Kallie saw the belly dancer first. Her thick, embroidered belt jingled and jangled as she rocked and swayed. A little farther along, the fire juggler tossed his flaming sticks high into the air, and next to him the lady in the shimmering blue leotard stood on her hands, shooting arrows with her toes. It took Kallie by surprise, because she hadn’t noticed them there a moment before.
These were the same performers she had seen at the Church Street Marketplace. She searched for Anna to tell her the good news when, out of the corner of her eye, she caught sight of a lean figure standing in the shadows in an alley between two buildings. She recognized him immediately.
It was the faceless man.
Slowly, Kallie moved toward him as though he were reeling her in with an invisible line. When she was only a few feet away, he touched the tip of his pink fedora and bowed his head slightly. Despite his lack of features, she was sure he was smiling.
“I’ve come to return the box…” she said, her voice barely a whisper.
The figure stood perfectly still, his featureless face assessing her. Her courage leaked out like water through tissue paper.
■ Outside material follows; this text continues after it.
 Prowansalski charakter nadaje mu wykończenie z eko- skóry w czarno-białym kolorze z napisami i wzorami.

She gathered what was left of it and continued. “But, I’ve lost it, you see, and…”
He didn’t move a muscle. Now more than ever, he reminded Kallie of a mannequin standing motionless in a shop’s window display.
She was about to explain further when he shifted. He’d been so perfectly immobile, and the movement so sudden, it startled Kallie. He reached for his fedora, held the hat in one hand, and tapped it lightly with the other.
Out tumbled the box.
He held it in the palm of his hand, his arm outstretched just as he had done the first time.
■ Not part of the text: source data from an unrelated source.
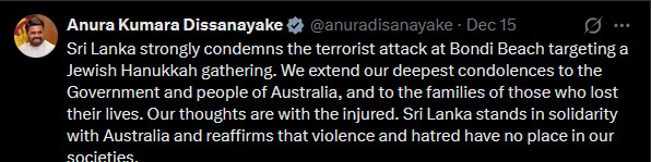 President Anura Kumara Dissanayake says that Sri Lanka strongly condemns the shooting that took place at Bondi Beach in Australia.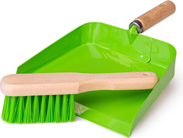 Sættet med fejeblad og kost er lavet af kvalitetsmaterialer som træ og plast, som er ansvarligt indvundet og forarbejdet for sikker brug.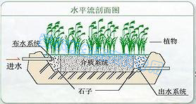 污水從人工濕地的一端進(jìn)入,在人工濕地床表面下以近水平流方式流動(dòng),最后流向出口,使污水得以凈化的人工濕地形式。

“But…” she whispered. “I saw it sink…”
He turned the box over until the blank side faced her—the one with no moon and no stars. What Kallie had thought to be the new moon.
The blank face on the box reminded Kallie of the final piece—the one with all blank faces. She had thought it had meant nothing. Emptiness. The end. She had been wrong.
“It’s my story,” she said, realizing for the first time the power and potential in those words. “And I must end it.”
He tapped his hat again, and something else came out. It was long and lean and pointed on one end. It resembled the second-to-last picture—the one she had decided was a dagger. She had been wrong about that as well.
He held the item toward her. She took it in her trembling hands. She could hear Ms. Beausoleil’s words echo in her mind. A tragedy ends in death …
The man dropped the box inside his fedora and placed it back on his head. Then he turned to leave, but Kallie, gripped with curiosity, cried out, “Wait!”
The man stopped.
“Who are you?” she asked.
All sounds around Kallie ceased. The people at the festival seemed to fade into the background. Nothing existed but Kallie and the man as he slowly turned to face her. And like the slick black skin of a rotting banana, he peeled the flesh-colored material from his face and she saw clearly the ghastly sight that lay beneath.
The face had no flesh. No eyes. Nothing but bone. The skull was covered in carved circles, which turned and spun like clockwork.
Kallie gasped in horror. She glanced around to see if anyone else was witnessing what she was, but when she looked back toward the ghoulish face, the man was gone.
Kallie found Anna sitting on a curb beside the sad-faced clown. She had brought along her ocarina and had joined in his performance. When she saw Kallie, she stopped playing.
Despite the surrounding sounds, a heavy silence seemed to stretch out like a chasm between them.
“Did you find him?” Anna asked at last.
Kallie nodded.
“Is it over?”
Kallie clutched the leather satchel close to her chest. In it was the final item the man had given her. “Almost.”